Surpris et heureux de la voir si docile à ses conseils, le grand Canadien contemplait avec sollicitude la jeune fille. Il était près d’elle à genoux, tête nue, ses longs cheveux noirs flottaient sur ses joues bronzées un chevreuil eût passé à quinze pas de lui qu’il ne l’eût pas même remarqué ; mais quand les yeux de Marie, se rouvrant à la lumière, rencontrèrent les siens, il se leva tout à coup : — Maintenant, mademoiselle, à cheval, s’il vous plaît, et allons rejoindre votre père.

Et il marcha devant elle, tenant la bride de l’animal fatigué qu’elle ne se trouvait point encore en état de conduire elle-même. Ils cheminèrent ainsi lentement sur les bords du lac le grand Canadien foulait les ronces d’un pas hardi et écartait les lianes avec ses mains, comme s’il se fût tracé une route parmi les blés et les bluets. De temps en temps il se tournait vers la jeune créole, cherchant à la rassurer par son regard. À ce moment-là, Marie ne reconnut plus ce jeune homme fantasque et sauvage qui lui prêtait à rire par ses façons et l’impatientait par son calme indifférent. Elle se sentait protégée par lui ; il lui apparaissait comme un guide compatissant et respectueux qu’elle pouvait suivre en toute confiance. Dès qu’ils approchèrent du planteur, Antoine remit les rênes à la jeune fille et se plaça derrière le cheval.

— Quoi, Marie ! vous ici ? s’écria le colon en voyant paraître sa fille.

— Mon père, grondez-moi, je le mérite, répondit Marie ; mais auparavant remerciez M. Antoine ; il a quitté, pour me conduire près de vous, la plus belle station qu’un chasseur puisse choisir… - Et tandis qu’elle racontait à son père ce qui venait de se passer, le grand Canadien, fort embarrassé de sa personne, nettoyait silencieusement la batterie de sa carabine.

Le planteur, Antoine et Marie prirent sur l’herbe, au bord d’une source, un repas dont ils avaient besoin tous les trois après les fatigues et les émotions de la journée.

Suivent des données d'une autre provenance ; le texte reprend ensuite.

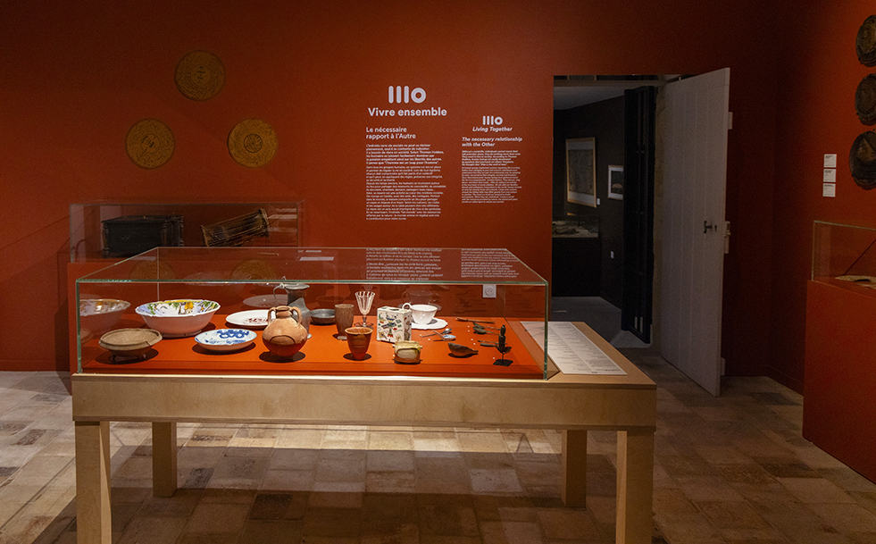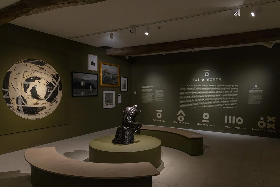 Conçue comme un chemin de vie, l’exposition questionne le rapport que chacun entretient avec le paysage, les végétaux, les animaux, les objets, dans tous les moments de la vie. Le Musée du Véron fait de la discipline de l’anthropologie culturelle une porte d’entrée pour étudier et pour donner à voir des visions du monde. Le graphisme accompagne le parcours avec des pictogrammes, qui rythment le propos et illustrent les séquences. Les grands kakémonos extérieurs sont composées comme des grandes tapisseries colorées.

Quand ils furent prêts à se remettre en route pour regagner l’habitation, Marie ne put s’empêcher de se jeter au cou de son père en s’écriant avec angoisse : — Où serais-je maintenant, mon Dieu ! si je ne vous avais pas retrouvés ?

— Perdue, perdue pour toujours ! dit le planteur. Celui qui s’égare dans les bois ne tarde pas à être saisi de vertige… Il erre long-temps au hasard et presque sans changer de place ; il mêle ses propres traces, s’enfermant ainsi dans un dédale d’où il ne peut plus sortir. La fatigue l’accable, son cerveau s’exalte, le désespoir s’empare de lui…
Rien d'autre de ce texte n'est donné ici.